Minnesota Vikings: S Harrison Smith

Smith is one of the baddest dudes in the NFL. The safety is entering his seventh season in the league and has been a top-notch player since he entered. He can play in the box, centerfield, get after the passer, and he's a vicious hitter too. He may be the most important player on that vaunted Vikes unit.
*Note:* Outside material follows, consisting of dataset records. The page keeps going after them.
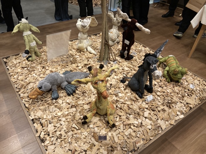 ウッドチップが敷き詰められたエリアには、陸上の生物たちがズラリ。アンさん自身が「自然が生み出す不思議な動物に惹かれる」と語る通り「カモノハシ」や「ロバ」「フェネック」などユニークな造形で息づいていた!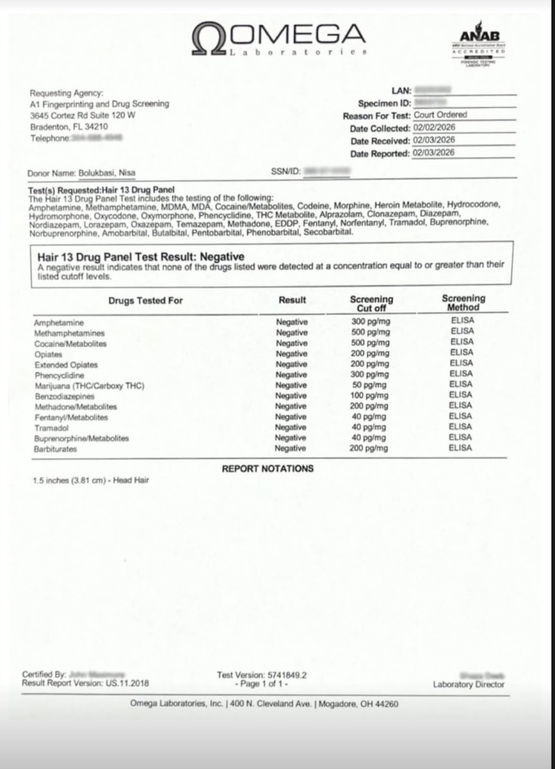 Bir süredir Amerika Birleşik Devletleri'nde yaşamını sürdüren müvekkilimiz, vatandaşlık prosedürleri sebebiyle yakın tarihte ülkemize seyahat edemeyecekse de; 02/02/2026 tarihinde ABD'de akredite bir laboratuvarda saç örneğinden 13 panel uyuşturucu/uyarıcı madde tarama testi yaptırmış olup, 03/02/2026 tarihli raporda tüm sonuçların negatif olduğu tespit edilmiştir.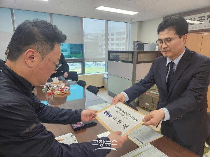 | 더불어민주당 이원택 전북특별자치도지사 예비후보가 29일 도 선관위를 방문해 예비후보 등록을 하고 있다.(캠프 제공) |

Detroit Lions: CB Darius Slay

'Big Play Slay' doesn't get nearly the attention he deserves. He lines up against #1 wide receivers on a week to week basis. He played against Julio Jones, Antonio Brown, Odell Beckham Jr., A.J. Green and Michael Thomas last year. Not to mention he faced Jordy Nelson and Davante Adams, as well as Adam Thielen and Stefon Diggs twice a year. No corner played a tougher schedule, and Slay managed to snag eight interceptions in the process. He's a top 5 CB.

Green Bay Packers: DT Mike Daniels

Daniels has a reputation around the league as a nasty guy. He's mean, physical, and very tough. He's also kind of a short and squatty guy, but he's strong as an ox. Although there may be a few more big name guys on that squad (Adams, Clay Matthews, Haha Clinton-Dix), Daniels is the tone setter for that defense. He's also a huge trash talker and he gets some bonus points for that.

Chicago Bears: RB Jordan Howard

Howard has rushed for over 1100 yards in both of his NFL seasons and averages 4.6 yards per carry for his career. He also has 12 career 100-yard games, tied with Ezekiel Elliot for the most in the past two seasons. More than that, he's a powerful, punishing runner who excels at picking up tough yards. With an innovative coach, that actually knows how to use him in Matt Nagy, Howard could have a career year.

NFC South

New Orleans Saints: DE Cameron Jordan

This one is almost a toss-up. I know some may be clamoring for electric running back Alvin Kamara. But Mark Ingram is more than capable of toting the rock. Unless rookie Marcus Davenport is an impact player immediately, Jordan is the only pass rusher that's truly effective on the roster. Jordan is consistently one of the more disruptive pass rushers in the league.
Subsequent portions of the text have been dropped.